Again, to summarize:
Each threadblock computes the log sum exp for $N_B$ tokens
We parallelize over both NB(tokens) and VB (vocab size), to avoid loading up the full C matrix into SRAM for each token.
def _cce_lse_forward_kernel(
E,
C,
LSE,
LA,
Locks,
Valids,
softcap,
B,
V,
D,
stride_eb,
stride_ed,
stride_cv,
stride_cd,
stride_lse_b,
stride_vb,
num_locks,
# Meta-parameters
B_BIN,
HAS_VALIDS: tl.constexpr,
BLOCK_B: tl.constexpr,
BLOCK_V: tl.constexpr,
BLOCK_D: tl.constexpr, #
GROUP_B: tl.constexpr, #
EVEN_D: tl.constexpr,
HAS_SOFTCAP: tl.constexpr,
HAS_LA: tl.constexpr,
DOT_PRECISION: tl.constexpr,
):
pid = tl.program_id(axis=0)
num_pid_b = tl.cdiv(B, BLOCK_B)
num_pid_v = tl.cdiv(V, BLOCK_V)
num_pid_in_group = GROUP_B * num_pid_v
group_id = pid // num_pid_in_group
first_pid_b = group_id * GROUP_B
group_size_b = min(num_pid_b - first_pid_b, GROUP_B)
pid_b = first_pid_b + ((pid % num_pid_in_group) % group_size_b)
pid_v = (pid % num_pid_in_group) // group_size_b
offs_b = (pid_b * BLOCK_B + tl.arange(0, BLOCK_B)) % B
if HAS_VALIDS:
offs_b = tl.load(Valids + stride_vb * offs_b)
offs_v = (pid_v * BLOCK_V + tl.arange(0, BLOCK_V)) % V
offs_d = tl.arange(0, BLOCK_D)
e_ptrs = E + (offs_b[:, None] * stride_eb + offs_d[None, :] * stride_ed)
c_ptrs = C + (offs_v[None, :] * stride_cv + offs_d[:, None] * stride_cd)
- We use reduction to avoid loading up either E or C across the entire D Dimension, so we only ever load $E(N_B, D_B)$ and $C(V_B, D_B)$ at any point in time, accumulating the dot products in $\text{accum}$ in shared memory. $\text{accum}$ now contains partial logits for the NB token in this program, since it was computed from $E(N_B, D)$ and $C(D, V_B)$, and not the full $C(D, V)$
accum = tl.zeros((BLOCK_B, BLOCK_V), dtype=tl.float32)
for d in range(0, tl.cdiv(D, BLOCK_D)):
# Load the next block of E and C, generate a mask by checking the K dimension.
# If it is out of bounds, set it to 0.
if EVEN_D:
e = tl.load(e_ptrs)
c = tl.load(c_ptrs)
else:
e = tl.load(e_ptrs, mask=offs_d[None, :] < D - d * BLOCK_D, other=0.0)
c = tl.load(c_ptrs, mask=offs_d[:, None] < D - d * BLOCK_D, other=0.0)
accum = tl.dot(e, c, accum, input_precision=DOT_PRECISION)
e_ptrs += BLOCK_D * stride_ed
c_ptrs += BLOCK_D * stride_cd
- The log sum exp over the partial logits is now computed by finding the max of the logits over this $V_B$ block, substracting it from all logits, calculate the exponent of the sums, the log of the exponent, and then sum back the max to the log.
this_mx = tl.max(logits, axis=1)
e = tl.exp(logits - this_mx[:, None])
this_lse = this_mx + tl.log(tl.sum(e, axis=1))
- Remember we only have partial logits of size $(N_B, V_B)$, since each thread block computes the logits over a $V_B$ portion of the model’s vocabulary. $\text{this\_lse}$ holds the log-sum-exp for the partial logits of a particular thread block, which is not the full value we need.
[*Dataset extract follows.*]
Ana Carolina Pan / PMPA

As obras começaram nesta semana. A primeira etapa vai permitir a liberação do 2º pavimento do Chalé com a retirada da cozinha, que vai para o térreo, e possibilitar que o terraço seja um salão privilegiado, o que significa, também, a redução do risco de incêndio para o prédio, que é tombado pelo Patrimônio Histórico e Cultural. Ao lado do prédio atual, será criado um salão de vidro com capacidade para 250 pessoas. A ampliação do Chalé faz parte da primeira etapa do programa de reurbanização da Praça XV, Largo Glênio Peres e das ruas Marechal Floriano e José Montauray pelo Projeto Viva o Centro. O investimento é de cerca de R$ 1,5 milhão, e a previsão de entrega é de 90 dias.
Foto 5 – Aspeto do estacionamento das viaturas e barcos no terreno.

However, at this point, other programs with the same $\text{pid\_b}$ (handling the same token block), and different values for $\text{pid\_v}$, would have calculated their $\text{this\_lse}$ values for the other $(V_B)$ blocks in V, we need to find a way to sum these values without introducing race conditions across these threadblocks.
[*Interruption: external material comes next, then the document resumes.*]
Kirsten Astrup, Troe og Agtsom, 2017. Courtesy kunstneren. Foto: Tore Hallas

lse_ptrs = LSE + (stride_lse_b * off_b)
this_locks = Locks + (pid_b // tl.cdiv(B, BLOCK_B * num_locks))
while tl.atomic_cas(this_locks, 0, 1) == 1:
pass
- The final log-sum-exp are stored at LSE, however since multiple thread blocks with the same $\text{pid\_b}$ will write to the same locations in LSE, a spin atomic lock is used to prevent race conditions, and whoever holds the lock writes their computed LSE value.
lse = tl.load(lse_ptrs, mask=o_mask, other=0.0, eviction_policy="evict_last")
lse = tl_logaddexp(lse, this_lse)
tl.store(lse_ptrs, lse, mask=o_mask, eviction_policy="evict_last")
tl.atomic_xchg(this_locks, 0)
- Finally, we load the logits currently accumulated in $\text{LSE}$, and use the logaddexp function to add our partial logits $\text{this\_lse}$ to the accumulated $\text{lse}$ value, write back to our blocks in $\text{LSE}$, and finally release the lock.